ABOUT THIS TASK: Copy exactly. Begin at the line containing "Mix the ingredients" and stop at the last line of the entries, omitting any pictures.

PROVIDED RECORDS:
....
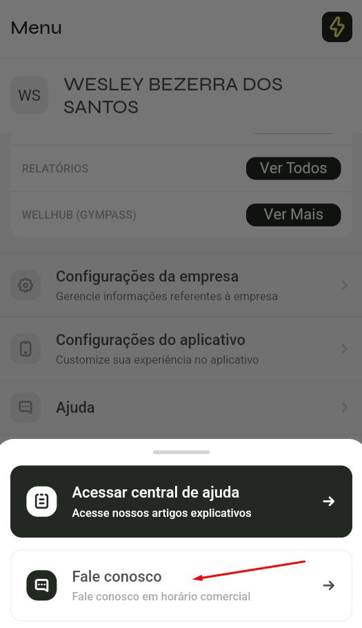 3️⃣ Toque em “Fale conosco”
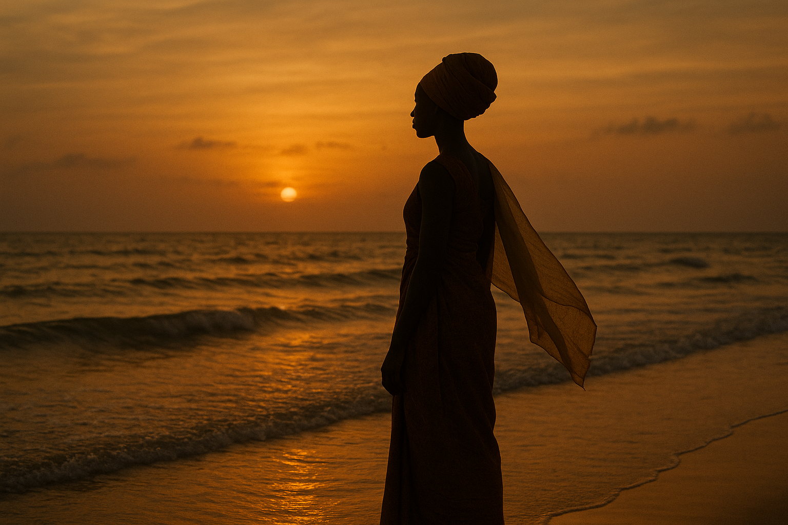 Les anciens de Kabrousse racontent qu’Aline allait méditer sur la plage, face à l’Atlantique. Elle y priait longuement, debout, les pieds dans le sable. On disait qu’elle « parlait à la mer » : non par superstition, mais parce qu’elle écoutait le vivant, le mouvement des vagues comme la voix des ancêtres. Dans la tradition Diola, l’eau est mémoire, souffle et guérison : c’est là qu’Aline puisait la force de résister sans haine.
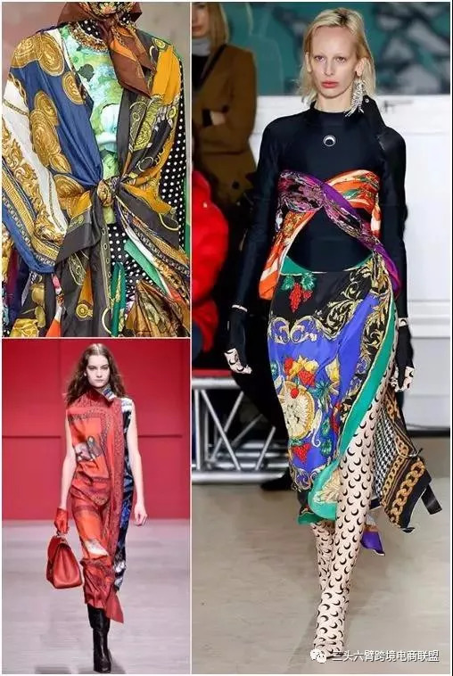 不论是炙手可热的新兴品牌Richard Quinn还是老品牌,都在跟随一个趋势:围巾印花,它们不仅将围巾印花应用于服装上,还直接将其大面积应用于丝质连衣裙、上衣和头巾中,给秋冬服装带来了一丝轻盈感。
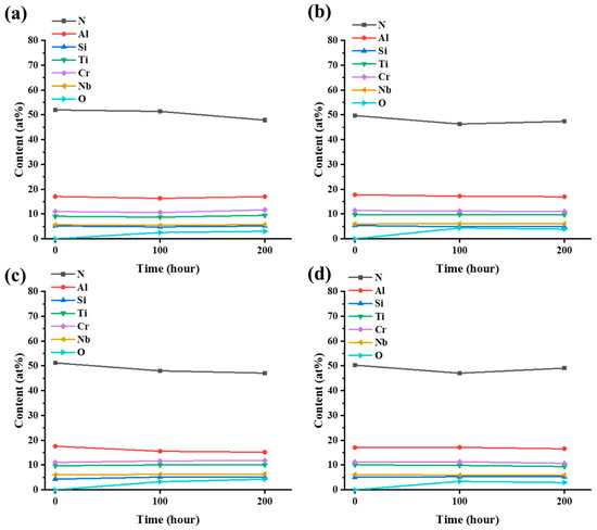 Variation of elemental proportions after water vapor corrosion of AlCrNbSiTiN coatings. (a) 50 V, (b) 100 V, (c) 150 V, (d) 200 V.
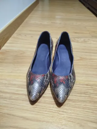 Elegantes zapatos de tacón con un diseño vibrante y llamativo. - Estampado abstracto multicolor sobre fondo negro. - Diseño de tiras abiertas. - Punta fina. Vendo bailarinas de Zara súper bonitas, con diseño multicolor muy original. Quedan genial con vaqueros, vestidos o looks básicos. - Talla 36 - Estado: Muy poco uso y sin desgaste - Muy cómodas y ligeras - Punta fina, estilizan mucho el pie Perfectas para primavera/verano o para dar un toque diferente al outfit Precio: negociable (razonable) Me pueden hablar para dudas o cualquier cosa que deseen sobre ellos sin compromiso. Muchas gracias!
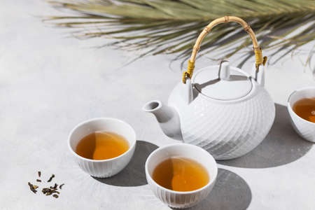 beautiful white blue porcelain teapot and cups with green tea on a wooden table
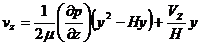 Ширина канала W и скорость верхней стенки VZ определяется тогда формулами вида:
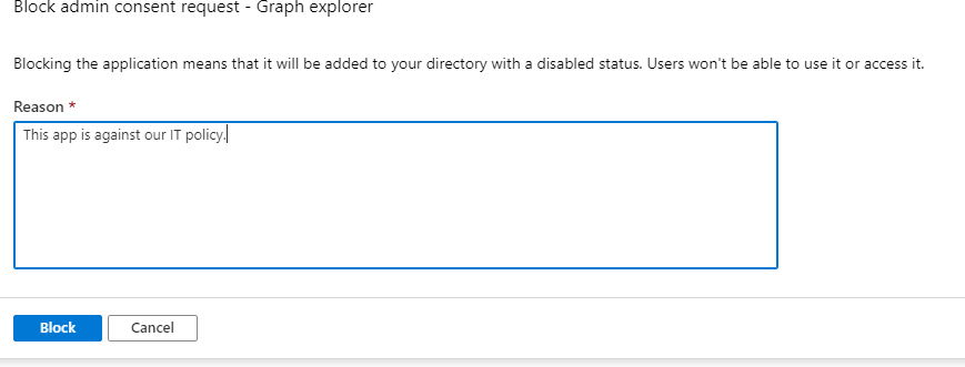 If you choose to block access, the application will be blocked for all users to sign into. The administrator is able to provide a reason:
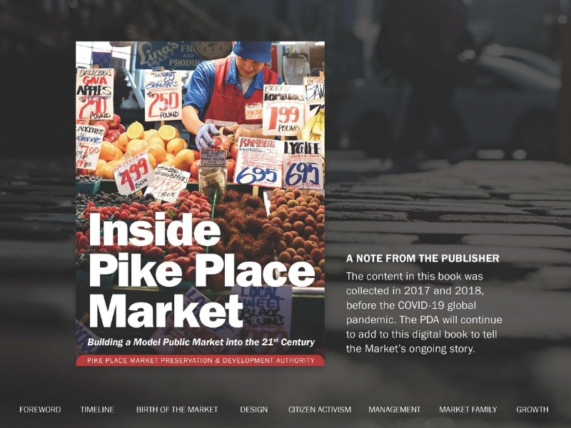 With construction complete, the configuration of the Market looks much like it does today. A branch of the Seattle Public Library opens on the lower floor.
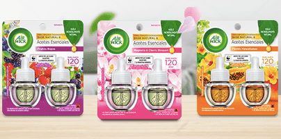 Además, recuerda que la fórmula de los aromatizantes de ambiente continuo de Air Wick® está enriquecida con ingredientes de base natural y aceites esenciales.
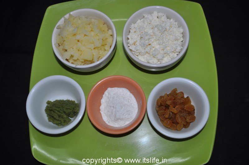 Mix the ingredients for the Kofta except for Raisins. Divide into Lemon sized balls. Stuff two or three Raisins in each of the balls.
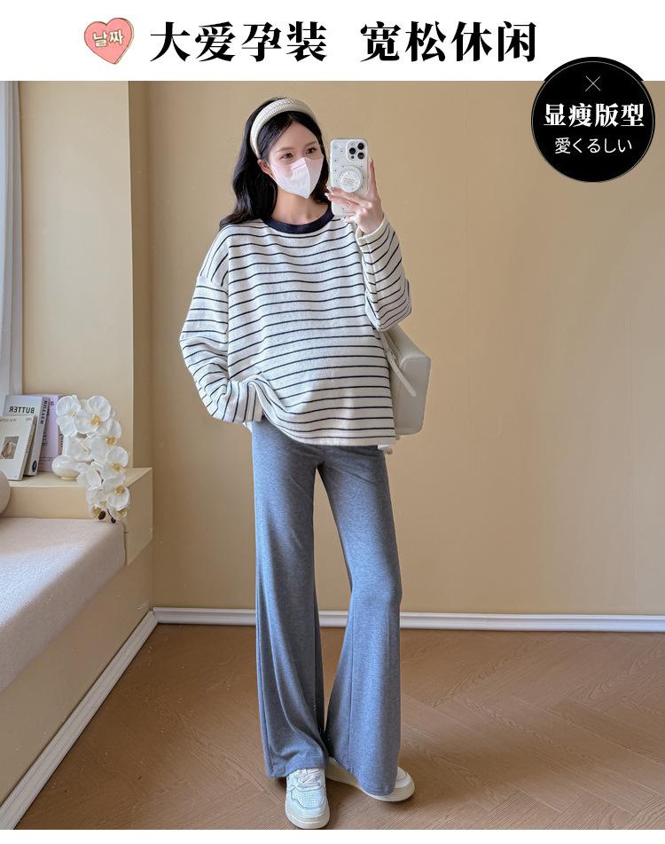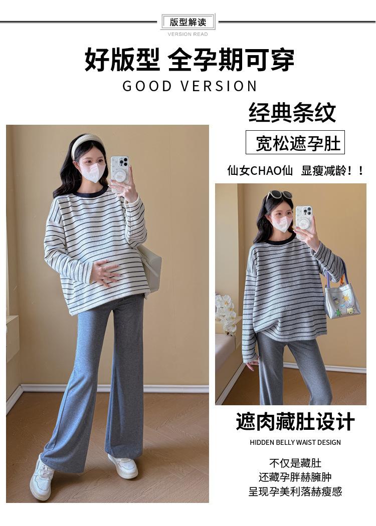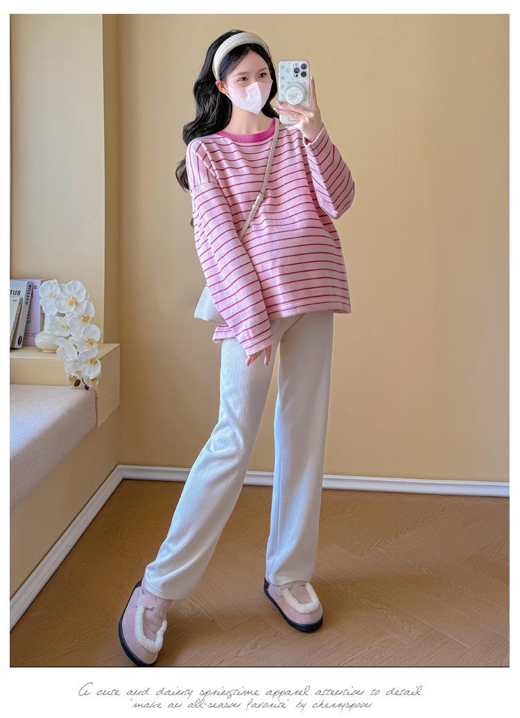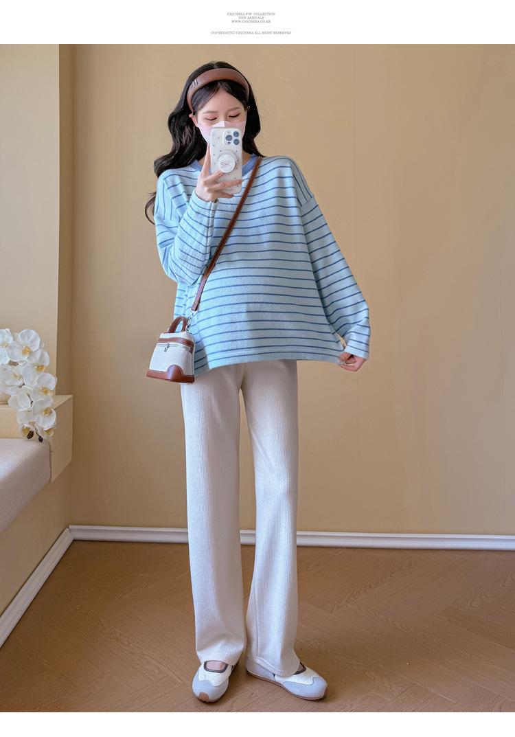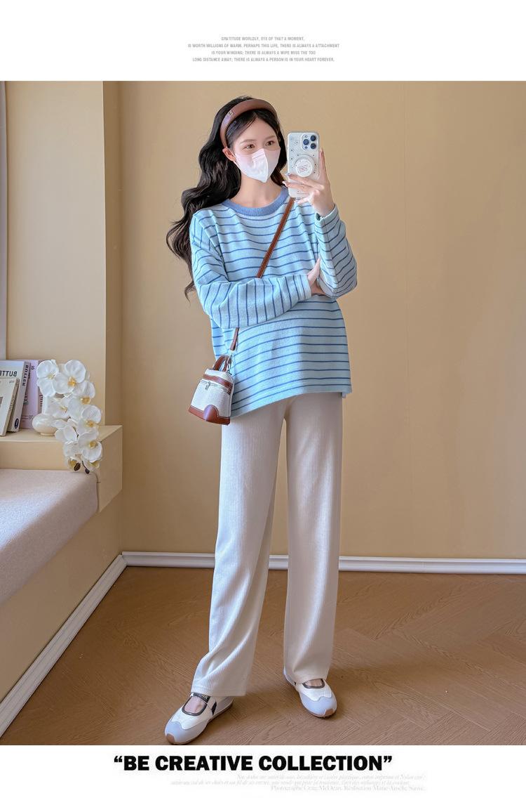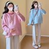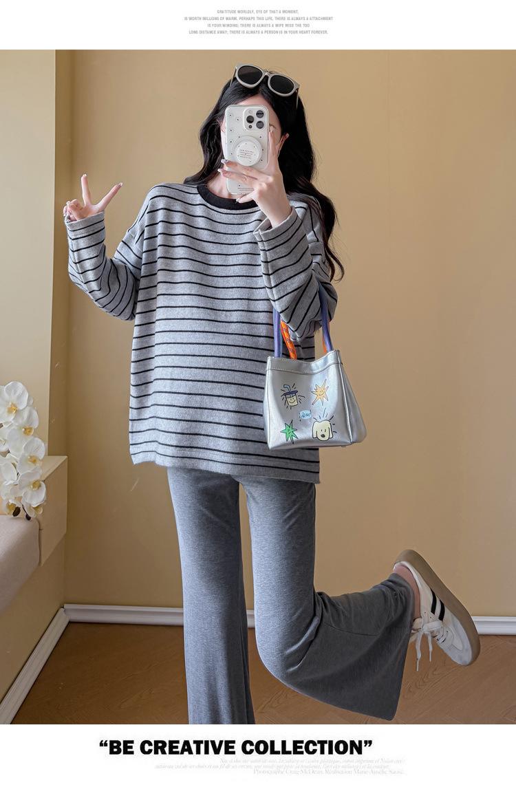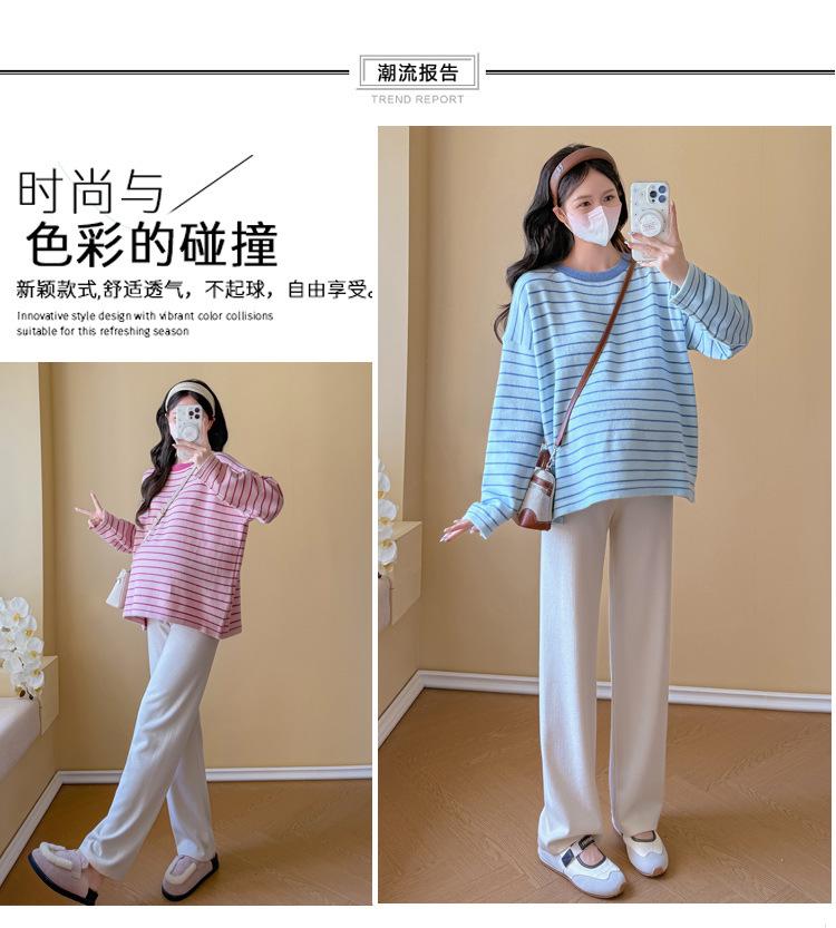 Ropa de Maternidad Suéter Rayado de Cuello Redondo Otoño e Invierno Nuevo Estilo Perezoso Casual Suelto Adelgazante Versátil Jersey Top de Maternidad
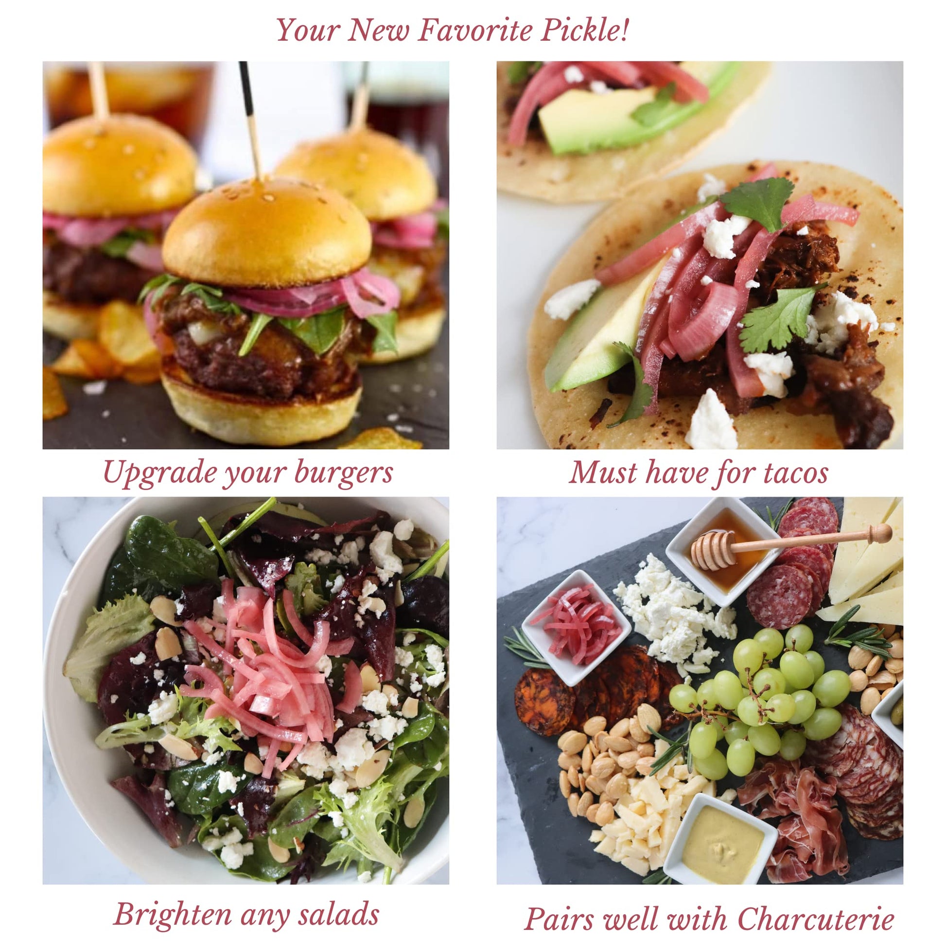 - Q: How can I use Pickled Red Onions in my meals? A: You can use Pickled Red Onions as a delicious topping for Salmon Lox spreads, mix them into hummus for a tangy twist, or add them to garden salads for an extra burst of flavor. They are versatile and complement a variety of dishes.
....
RESPONSE:
 Mix the ingredients for the Kofta except for Raisins. Divide into Lemon sized balls. Stuff two or three Raisins in each of the balls.
 Ropa de Maternidad Suéter Rayado de Cuello Redondo Otoño e Invierno Nuevo Estilo Perezoso Casual Suelto Adelgazante Versátil Jersey Top de Maternidad
 - Q: How can I use Pickled Red Onions in my meals? A: You can use Pickled Red Onions as a delicious topping for Salmon Lox spreads, mix them into hummus for a tangy twist, or add them to garden salads for an extra burst of flavor. They are versatile and complement a variety of dishes.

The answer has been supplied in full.